Modern technology allows viruses to multiply quickly from computer to computer. One virus that made national headlines a few years ago, known as the Sapphire or Slammer Worm, doubled every eight seconds and infected millions of computers.
Caleb Tennis, chief technology officer at the Data Cave in Columbus, said hacking computers is a huge business. He said much of that information — particularly credit card numbers — have a value on the black market.
“If you can steal 10,000 credit card numbers, that’s a lot of money,” he said. “There’s a lot of ways for people to gain access to your data, and it’s changing all the time.”
That’s why the C4 Servers and Security class is so important, said Tennis, who plans to get involved with the C4 pathway as a community partner. Companies realize the importance of protecting their information, which he said emphasizes a need for trained professionals who receive continuing education to stay ahead of hackers.

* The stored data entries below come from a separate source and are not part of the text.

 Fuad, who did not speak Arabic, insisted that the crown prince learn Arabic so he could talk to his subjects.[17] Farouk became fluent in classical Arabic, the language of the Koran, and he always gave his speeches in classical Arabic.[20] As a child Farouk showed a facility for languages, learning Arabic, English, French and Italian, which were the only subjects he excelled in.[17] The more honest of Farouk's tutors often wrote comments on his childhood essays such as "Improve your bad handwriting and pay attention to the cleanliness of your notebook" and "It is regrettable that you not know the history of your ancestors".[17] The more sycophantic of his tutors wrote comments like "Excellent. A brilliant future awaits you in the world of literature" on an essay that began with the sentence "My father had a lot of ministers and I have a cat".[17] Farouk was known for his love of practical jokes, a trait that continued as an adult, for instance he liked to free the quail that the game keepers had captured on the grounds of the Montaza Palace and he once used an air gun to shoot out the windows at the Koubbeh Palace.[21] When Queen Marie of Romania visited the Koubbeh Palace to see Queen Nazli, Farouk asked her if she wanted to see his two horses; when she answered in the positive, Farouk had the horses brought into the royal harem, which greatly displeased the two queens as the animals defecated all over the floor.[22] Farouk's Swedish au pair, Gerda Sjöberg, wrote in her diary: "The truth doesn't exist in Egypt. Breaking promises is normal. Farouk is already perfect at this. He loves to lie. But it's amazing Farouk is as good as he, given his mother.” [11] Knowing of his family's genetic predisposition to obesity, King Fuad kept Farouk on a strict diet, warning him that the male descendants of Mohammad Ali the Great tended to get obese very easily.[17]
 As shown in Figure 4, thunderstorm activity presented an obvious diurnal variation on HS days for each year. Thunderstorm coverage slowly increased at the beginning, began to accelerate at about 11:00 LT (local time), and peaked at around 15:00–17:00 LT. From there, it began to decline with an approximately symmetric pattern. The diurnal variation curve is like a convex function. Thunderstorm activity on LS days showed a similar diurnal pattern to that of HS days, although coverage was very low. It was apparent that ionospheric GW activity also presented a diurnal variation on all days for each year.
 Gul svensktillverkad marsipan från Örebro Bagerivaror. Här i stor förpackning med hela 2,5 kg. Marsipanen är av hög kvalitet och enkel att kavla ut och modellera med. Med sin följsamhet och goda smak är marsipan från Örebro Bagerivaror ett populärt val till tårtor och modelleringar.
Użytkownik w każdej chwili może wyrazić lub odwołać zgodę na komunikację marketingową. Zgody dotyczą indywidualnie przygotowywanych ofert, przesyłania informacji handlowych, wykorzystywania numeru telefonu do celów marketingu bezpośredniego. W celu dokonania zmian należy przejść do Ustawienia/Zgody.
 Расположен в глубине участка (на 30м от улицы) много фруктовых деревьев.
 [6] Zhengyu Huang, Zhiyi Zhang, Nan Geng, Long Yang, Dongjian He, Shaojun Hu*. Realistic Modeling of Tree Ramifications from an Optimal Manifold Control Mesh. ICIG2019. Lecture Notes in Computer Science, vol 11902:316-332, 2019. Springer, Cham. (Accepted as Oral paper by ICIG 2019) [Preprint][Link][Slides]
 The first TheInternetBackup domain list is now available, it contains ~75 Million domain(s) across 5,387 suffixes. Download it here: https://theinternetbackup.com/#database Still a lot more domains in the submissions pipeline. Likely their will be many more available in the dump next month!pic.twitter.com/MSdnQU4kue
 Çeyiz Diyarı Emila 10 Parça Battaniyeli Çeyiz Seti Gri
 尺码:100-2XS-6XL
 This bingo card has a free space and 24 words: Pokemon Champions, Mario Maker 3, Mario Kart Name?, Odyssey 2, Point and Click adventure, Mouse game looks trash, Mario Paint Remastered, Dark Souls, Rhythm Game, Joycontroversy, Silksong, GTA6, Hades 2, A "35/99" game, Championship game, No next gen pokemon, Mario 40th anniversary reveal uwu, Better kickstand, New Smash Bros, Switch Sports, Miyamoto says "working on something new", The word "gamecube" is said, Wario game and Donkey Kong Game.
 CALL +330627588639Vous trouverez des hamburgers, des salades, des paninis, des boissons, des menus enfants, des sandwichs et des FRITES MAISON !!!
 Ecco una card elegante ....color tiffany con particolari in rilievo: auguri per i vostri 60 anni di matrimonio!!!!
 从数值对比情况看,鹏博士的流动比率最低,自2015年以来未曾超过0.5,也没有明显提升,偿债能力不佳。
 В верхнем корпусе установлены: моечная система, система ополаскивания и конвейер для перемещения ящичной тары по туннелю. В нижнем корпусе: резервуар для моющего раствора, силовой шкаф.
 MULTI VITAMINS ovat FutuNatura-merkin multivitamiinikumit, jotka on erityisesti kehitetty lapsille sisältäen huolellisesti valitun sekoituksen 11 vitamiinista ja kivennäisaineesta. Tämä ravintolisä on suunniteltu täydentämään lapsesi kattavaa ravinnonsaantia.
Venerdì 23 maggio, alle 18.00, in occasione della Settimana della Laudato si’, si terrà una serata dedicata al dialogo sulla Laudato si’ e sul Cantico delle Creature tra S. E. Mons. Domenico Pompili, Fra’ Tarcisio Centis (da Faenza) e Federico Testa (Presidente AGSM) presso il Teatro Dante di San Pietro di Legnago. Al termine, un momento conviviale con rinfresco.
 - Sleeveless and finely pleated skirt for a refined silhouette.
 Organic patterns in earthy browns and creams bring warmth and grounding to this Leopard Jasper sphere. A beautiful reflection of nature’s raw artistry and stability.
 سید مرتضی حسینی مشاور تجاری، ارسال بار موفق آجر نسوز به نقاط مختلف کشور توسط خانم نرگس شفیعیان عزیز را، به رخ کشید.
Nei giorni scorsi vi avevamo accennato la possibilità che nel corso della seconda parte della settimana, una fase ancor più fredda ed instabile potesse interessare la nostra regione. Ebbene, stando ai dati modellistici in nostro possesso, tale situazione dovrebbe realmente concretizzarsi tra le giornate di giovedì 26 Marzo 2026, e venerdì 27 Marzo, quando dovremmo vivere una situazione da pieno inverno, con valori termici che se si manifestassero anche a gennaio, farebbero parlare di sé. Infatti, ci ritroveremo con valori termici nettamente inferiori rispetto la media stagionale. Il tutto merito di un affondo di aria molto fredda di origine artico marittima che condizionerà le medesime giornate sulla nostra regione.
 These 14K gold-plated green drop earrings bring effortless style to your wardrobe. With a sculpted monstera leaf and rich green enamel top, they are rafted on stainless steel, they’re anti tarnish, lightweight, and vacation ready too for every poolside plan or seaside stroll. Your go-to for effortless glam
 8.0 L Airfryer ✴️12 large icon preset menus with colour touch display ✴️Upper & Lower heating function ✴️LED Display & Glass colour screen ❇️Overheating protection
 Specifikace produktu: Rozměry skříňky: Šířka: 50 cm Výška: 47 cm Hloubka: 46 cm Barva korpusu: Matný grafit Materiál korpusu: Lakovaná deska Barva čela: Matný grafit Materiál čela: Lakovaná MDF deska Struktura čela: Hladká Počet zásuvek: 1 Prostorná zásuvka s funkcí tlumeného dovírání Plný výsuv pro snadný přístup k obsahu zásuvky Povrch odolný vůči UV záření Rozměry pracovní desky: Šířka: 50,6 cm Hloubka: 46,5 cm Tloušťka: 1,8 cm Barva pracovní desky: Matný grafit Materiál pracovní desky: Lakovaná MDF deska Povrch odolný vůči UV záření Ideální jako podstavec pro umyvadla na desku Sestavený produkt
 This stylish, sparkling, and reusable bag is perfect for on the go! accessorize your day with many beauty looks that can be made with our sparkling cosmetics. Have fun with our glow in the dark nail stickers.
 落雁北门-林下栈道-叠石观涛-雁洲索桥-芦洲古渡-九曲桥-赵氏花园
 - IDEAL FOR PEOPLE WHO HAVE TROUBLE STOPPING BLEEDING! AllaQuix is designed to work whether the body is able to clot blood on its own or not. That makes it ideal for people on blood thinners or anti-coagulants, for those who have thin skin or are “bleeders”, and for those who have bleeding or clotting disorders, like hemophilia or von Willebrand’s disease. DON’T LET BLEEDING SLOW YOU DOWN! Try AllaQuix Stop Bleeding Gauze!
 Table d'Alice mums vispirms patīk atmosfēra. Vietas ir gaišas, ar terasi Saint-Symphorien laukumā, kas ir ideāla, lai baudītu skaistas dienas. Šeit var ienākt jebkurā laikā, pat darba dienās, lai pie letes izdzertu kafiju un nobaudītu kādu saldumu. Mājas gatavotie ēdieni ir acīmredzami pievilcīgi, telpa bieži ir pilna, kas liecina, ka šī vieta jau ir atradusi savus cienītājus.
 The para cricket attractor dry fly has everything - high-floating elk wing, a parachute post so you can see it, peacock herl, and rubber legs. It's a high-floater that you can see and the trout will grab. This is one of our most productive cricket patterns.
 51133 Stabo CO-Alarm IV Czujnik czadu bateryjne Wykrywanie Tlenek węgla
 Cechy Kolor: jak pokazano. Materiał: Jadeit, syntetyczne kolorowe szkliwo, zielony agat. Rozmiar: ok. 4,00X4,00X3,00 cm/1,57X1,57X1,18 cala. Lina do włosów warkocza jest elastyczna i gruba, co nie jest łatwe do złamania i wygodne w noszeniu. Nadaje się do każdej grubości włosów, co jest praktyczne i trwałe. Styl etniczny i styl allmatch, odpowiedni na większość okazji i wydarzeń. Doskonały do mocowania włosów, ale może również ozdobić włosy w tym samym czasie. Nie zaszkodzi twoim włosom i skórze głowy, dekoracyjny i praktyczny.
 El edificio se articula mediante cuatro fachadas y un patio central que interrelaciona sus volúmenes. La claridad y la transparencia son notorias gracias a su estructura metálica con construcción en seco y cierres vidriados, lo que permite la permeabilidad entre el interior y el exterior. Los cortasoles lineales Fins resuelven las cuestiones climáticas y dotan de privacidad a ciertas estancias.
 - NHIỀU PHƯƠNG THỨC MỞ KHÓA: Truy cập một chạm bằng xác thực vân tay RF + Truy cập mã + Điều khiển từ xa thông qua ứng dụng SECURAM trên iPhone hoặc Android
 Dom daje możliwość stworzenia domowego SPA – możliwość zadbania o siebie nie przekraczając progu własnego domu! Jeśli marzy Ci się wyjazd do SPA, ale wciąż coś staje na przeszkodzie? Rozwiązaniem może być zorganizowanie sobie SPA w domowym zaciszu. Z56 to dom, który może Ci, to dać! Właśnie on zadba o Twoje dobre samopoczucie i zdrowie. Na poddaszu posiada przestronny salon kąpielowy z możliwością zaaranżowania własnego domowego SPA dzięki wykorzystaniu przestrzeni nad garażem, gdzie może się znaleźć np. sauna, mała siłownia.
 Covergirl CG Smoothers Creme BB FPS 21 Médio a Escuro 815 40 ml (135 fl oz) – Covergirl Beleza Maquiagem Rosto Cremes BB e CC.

Gary Drake, 17, a senior from North who is taking the Servers and Security class, said he spent the summer helping reset passwords, installing antivirus software and refreshing other personalized settings for the school district.
He is continuing to work for the district through the year as an assistant computer technician, which is giving him hands-on experience in the field.
He said he knows from what he has learned that anything can happen when it comes to viruses and attacks.
Mike Riley said he expects the number of students in the Servers and Security class to increase in the next few years. Although it has only six students this year, he said 13 students are in the second-year networking class this year and likely will take the junior-year class.